2-Aminooxazole
- Names: Preferred IUPAC name 1,3-Oxazol-2-amine

Identifiers
- CAS Number: 4570-45-0;
- 3D model (JSmol): Interactive image;
- ChemSpider: 485518;
- ECHA InfoCard: 100.128.287
- EC Number: 610-269-1;
- MeSH: 2-aminooxazole
- PubChem CID: 558521;
- CompTox Dashboard (EPA): DTXSID00339766 ;

Properties
- Chemical formula: C_{3}H_{4}N_{2}O
- Molar mass: 84.08 g/mol
- Appearance: White solid (at 97% purity)
- Density: 1.2±0.1 g/cm3
- Melting point: 90-95 °C
- Boiling point: 186.7±23.0 °C
- Vapor pressure: 0.7±0.4 mmHg
- Hazards: GHS labelling:
- Pictograms: GHS07: Exclamation mark
- Signal word: Warning
- Hazard statements: H315, H319, H335
- Precautionary statements: P261, P264, P264+P265, P271, P280, P302+P352, P304+P340, P305+P351+P338, P319, P321, P332+P317, P337+P317, P362+P364, P403+P233, P405, P501
- Flash point: 66.7±22.6 °C

= 2-Aminooxazole =

Chemical compound

2-Aminooxazole is a heterocyclic organic compound, belonging to the class of oxazoles. It is a five-membered ring structure containing one oxygen and two nitrogen atoms.

==Properties==
2-Aminooxazole contains a primary amine group which can participate in various reactions like protonation, acylation, or alkylation. The oxazole ring can also show reactions like ring expansion, electrophilic substitution, etc. and also contributes aromatic character and stability to the molecule.
==Applications==
2-Aminooxazole possesses antimicrobial properties against various fungal and bacterial strains especially against Tuberculosis-causing Mycobacterium tuberculosis.

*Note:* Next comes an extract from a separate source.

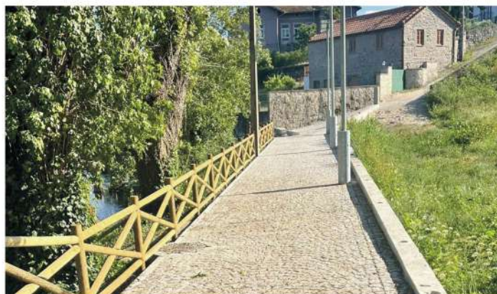
Construção de caminho pedonal - Lenteiro do Rio S. Pedro do Sul

The amine group of 2-Aminooxazole can potentially link with different molecules, making it a potential candidate for drug synthesis in antitubercular medicinal chemistry.

2-Aminooxazole has also been hypothesised to have played a role in chemical evolution as a precursor of RNA nucleotides.